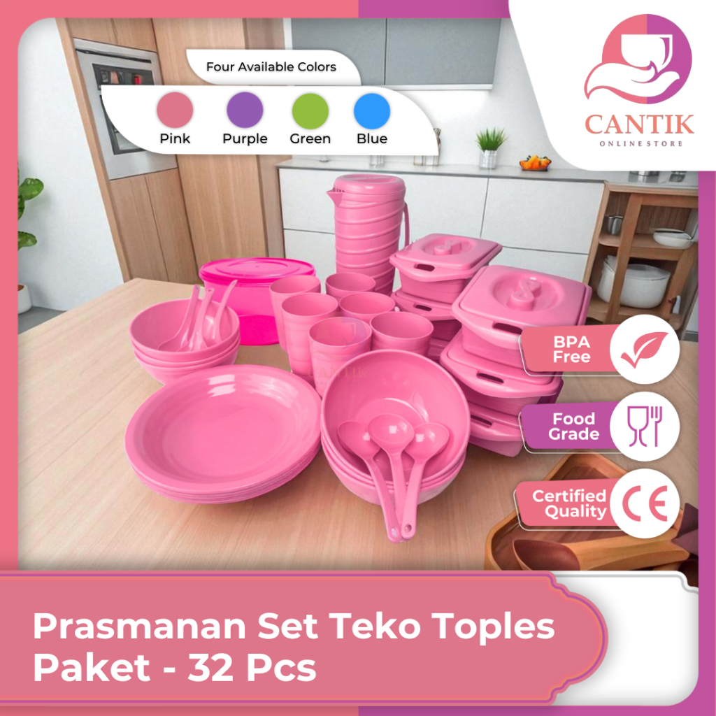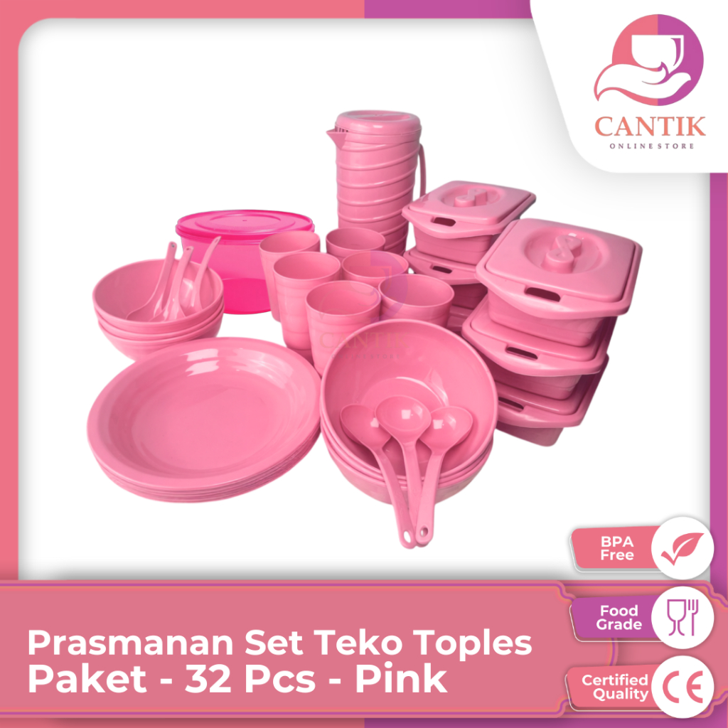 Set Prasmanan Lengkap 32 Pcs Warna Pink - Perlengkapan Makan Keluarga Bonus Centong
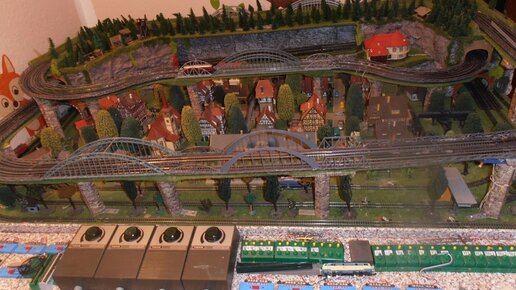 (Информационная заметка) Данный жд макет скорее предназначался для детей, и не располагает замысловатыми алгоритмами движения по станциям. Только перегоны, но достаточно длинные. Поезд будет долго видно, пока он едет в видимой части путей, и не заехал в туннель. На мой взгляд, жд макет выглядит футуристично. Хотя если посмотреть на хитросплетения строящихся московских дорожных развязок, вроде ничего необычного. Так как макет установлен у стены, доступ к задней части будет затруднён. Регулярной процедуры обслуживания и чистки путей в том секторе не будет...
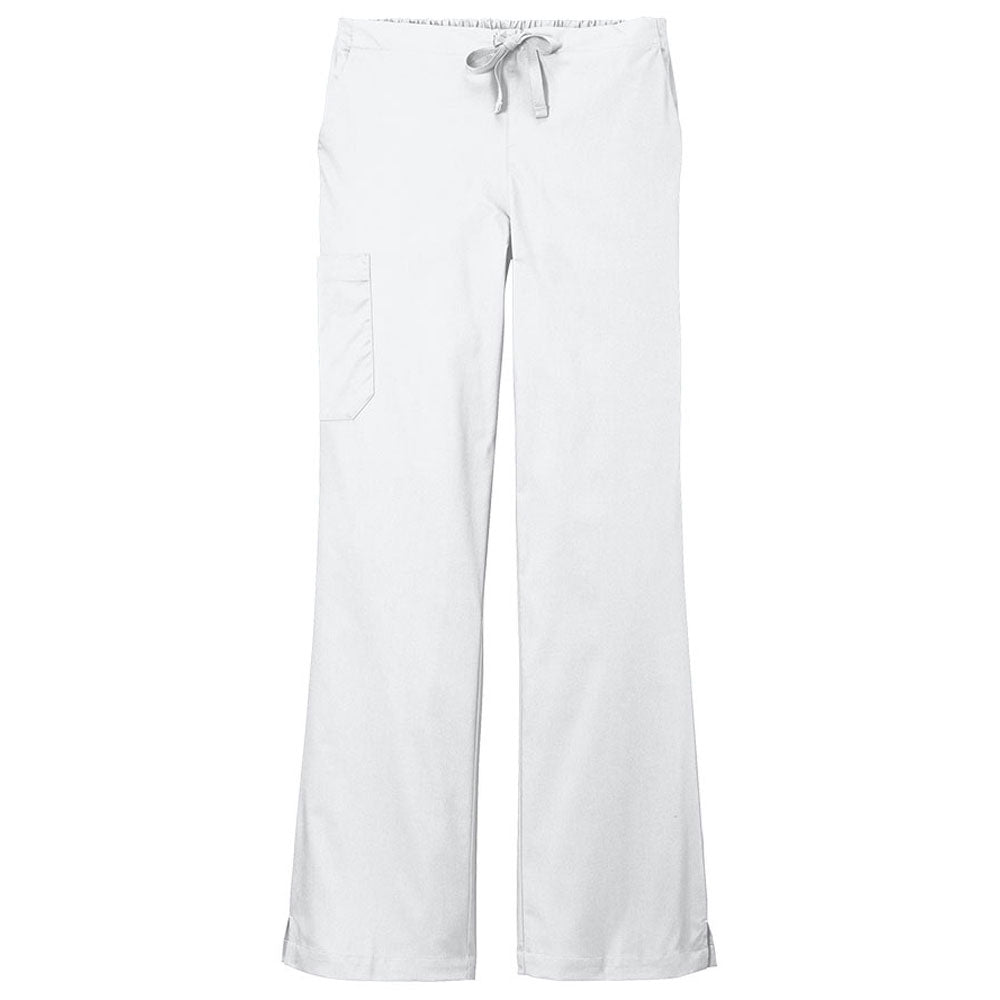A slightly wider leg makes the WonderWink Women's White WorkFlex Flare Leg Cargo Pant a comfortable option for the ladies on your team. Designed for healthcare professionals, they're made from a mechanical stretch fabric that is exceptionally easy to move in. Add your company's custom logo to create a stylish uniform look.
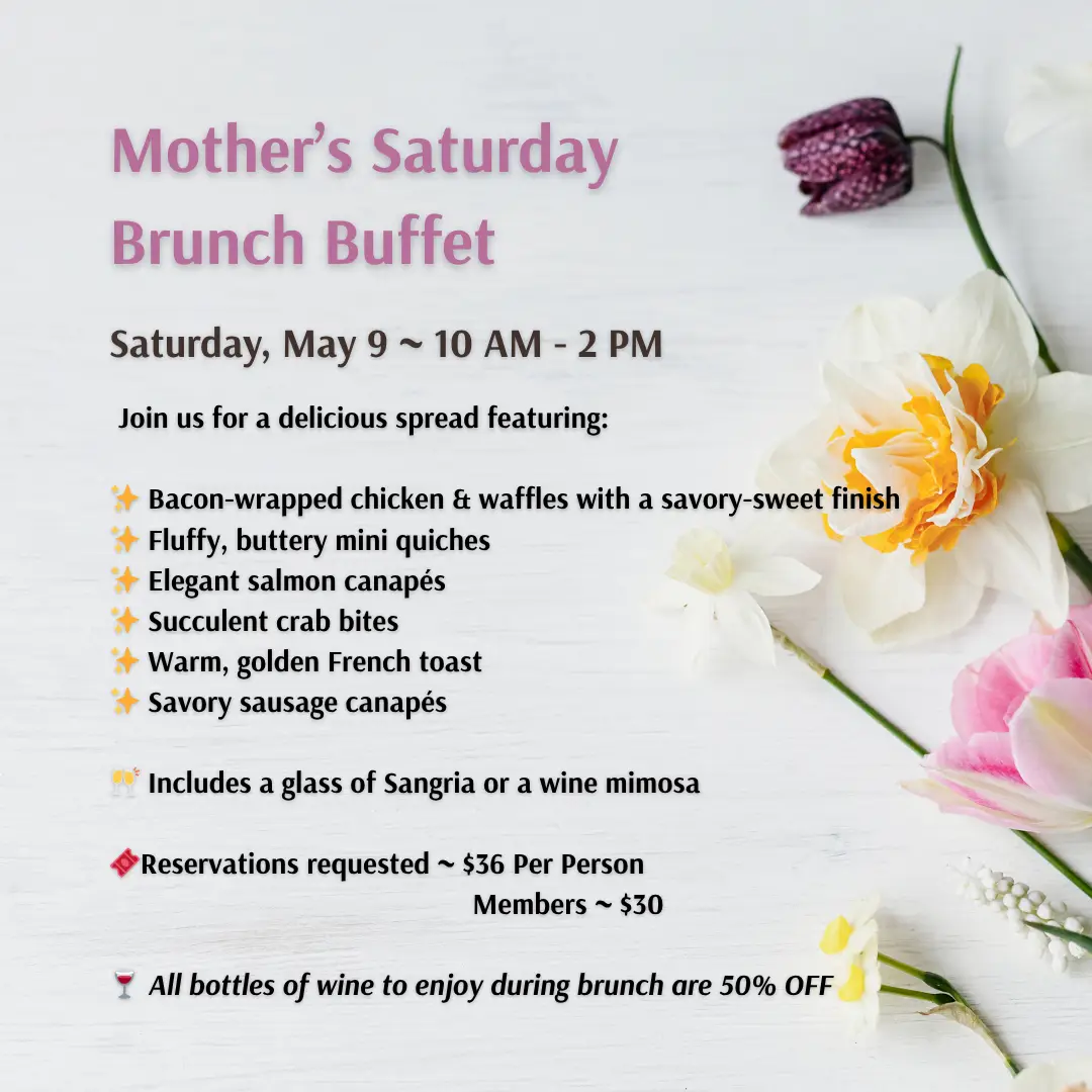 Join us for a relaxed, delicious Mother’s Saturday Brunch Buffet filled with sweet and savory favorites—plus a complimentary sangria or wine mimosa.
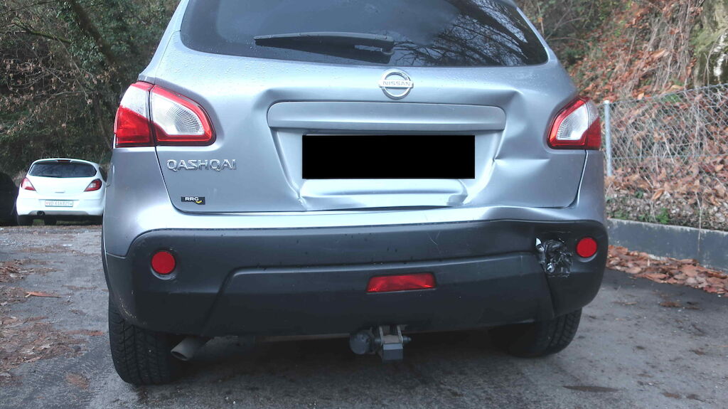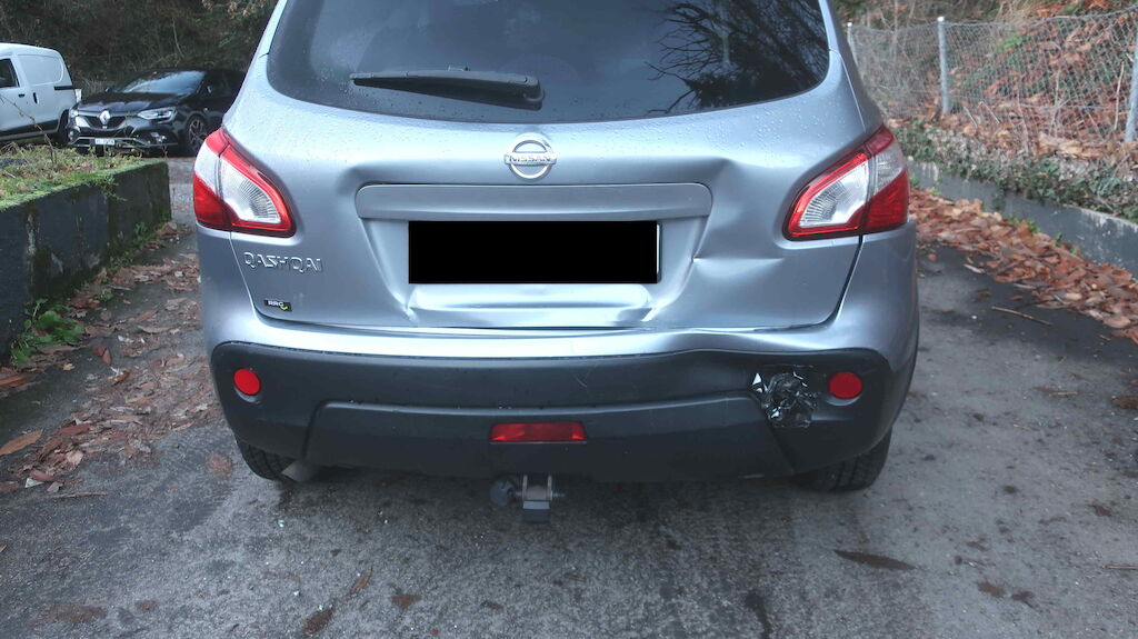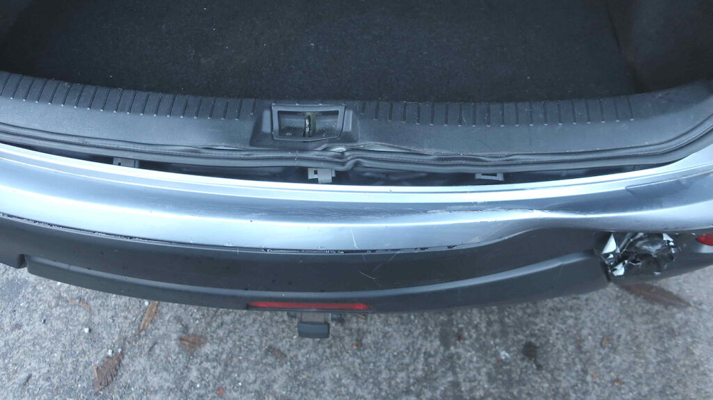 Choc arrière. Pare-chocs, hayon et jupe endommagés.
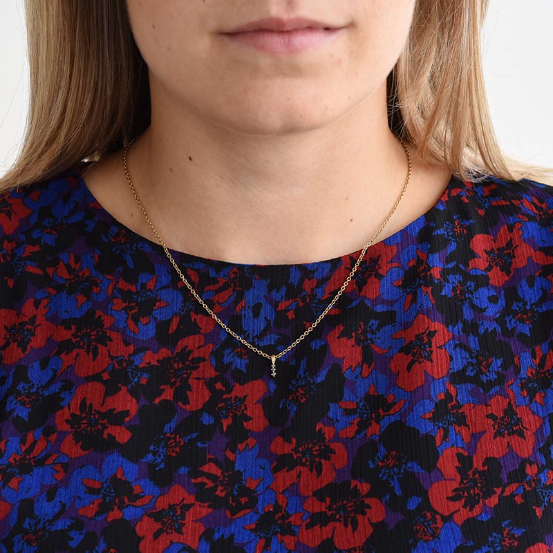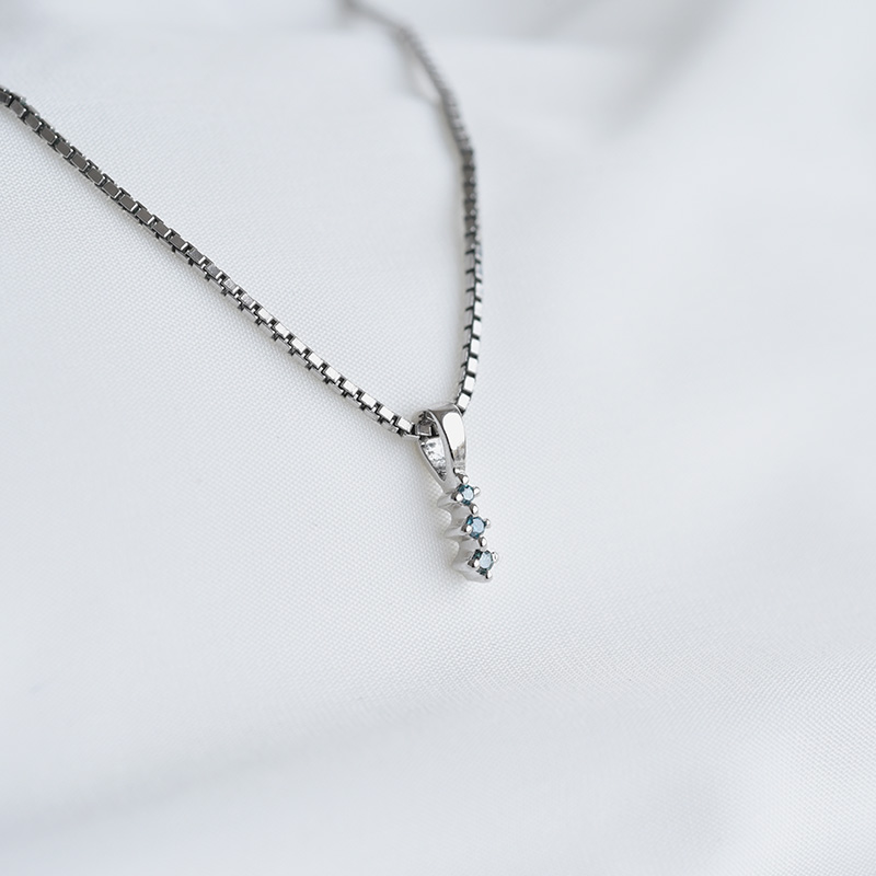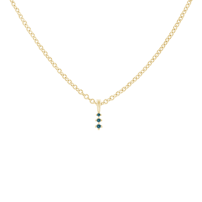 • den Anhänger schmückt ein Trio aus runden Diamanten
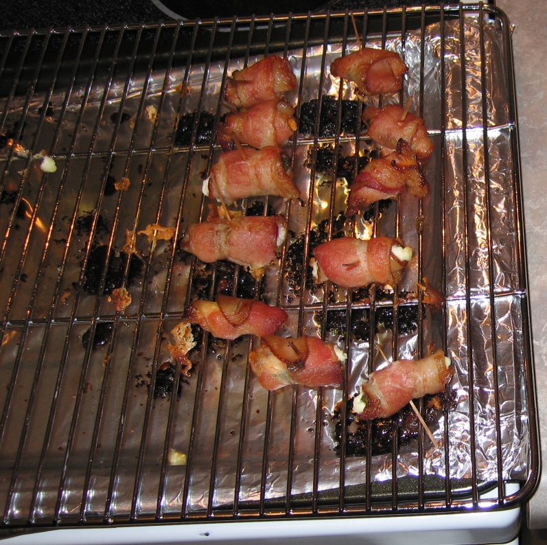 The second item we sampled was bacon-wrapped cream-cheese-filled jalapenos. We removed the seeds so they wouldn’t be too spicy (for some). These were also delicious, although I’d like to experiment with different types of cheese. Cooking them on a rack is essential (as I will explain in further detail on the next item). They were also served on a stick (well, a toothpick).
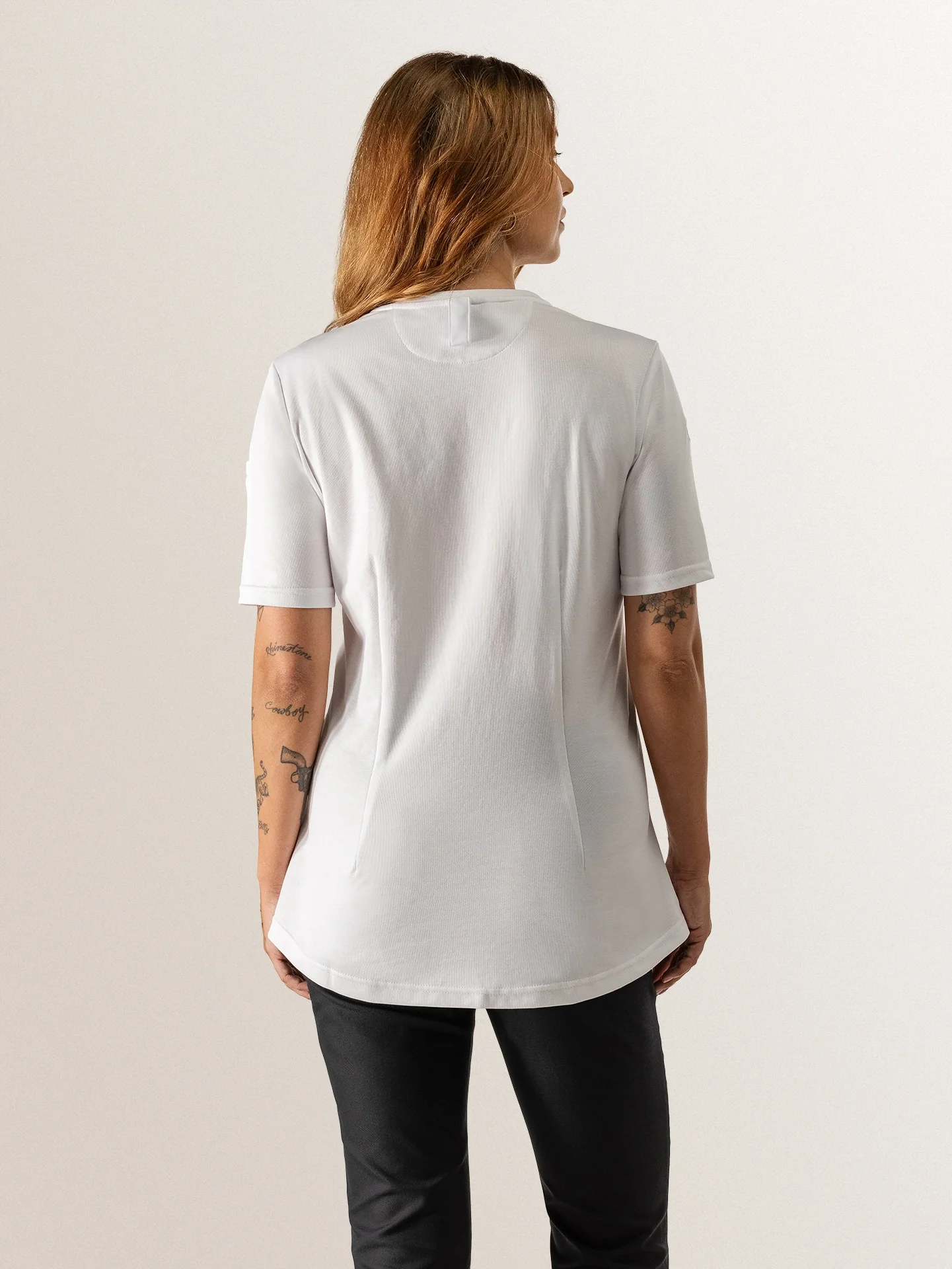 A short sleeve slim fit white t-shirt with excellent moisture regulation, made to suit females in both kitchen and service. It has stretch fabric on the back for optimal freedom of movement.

══════════════════════════════

# [DIRECTIONS FOR THIS TASK]
Give an exact copy of the entries, excluding all pictures.

# [YOUR RESPONSE]
 Set Prasmanan Lengkap 32 Pcs Warna Pink - Perlengkapan Makan Keluarga Bonus Centong
 (Информационная заметка) Данный жд макет скорее предназначался для детей, и не располагает замысловатыми алгоритмами движения по станциям. Только перегоны, но достаточно длинные. Поезд будет долго видно, пока он едет в видимой части путей, и не заехал в туннель. На мой взгляд, жд макет выглядит футуристично. Хотя если посмотреть на хитросплетения строящихся московских дорожных развязок, вроде ничего необычного. Так как макет установлен у стены, доступ к задней части будет затруднён. Регулярной процедуры обслуживания и чистки путей в том секторе не будет...
A slightly wider leg makes the WonderWink Women's White WorkFlex Flare Leg Cargo Pant a comfortable option for the ladies on your team. Designed for healthcare professionals, they're made from a mechanical stretch fabric that is exceptionally easy to move in. Add your company's custom logo to create a stylish uniform look.
 Join us for a relaxed, delicious Mother’s Saturday Brunch Buffet filled with sweet and savory favorites—plus a complimentary sangria or wine mimosa.
 Choc arrière. Pare-chocs, hayon et jupe endommagés.
 • den Anhänger schmückt ein Trio aus runden Diamanten
 The second item we sampled was bacon-wrapped cream-cheese-filled jalapenos. We removed the seeds so they wouldn’t be too spicy (for some). These were also delicious, although I’d like to experiment with different types of cheese. Cooking them on a rack is essential (as I will explain in further detail on the next item). They were also served on a stick (well, a toothpick).
 A short sleeve slim fit white t-shirt with excellent moisture regulation, made to suit females in both kitchen and service. It has stretch fabric on the back for optimal freedom of movement.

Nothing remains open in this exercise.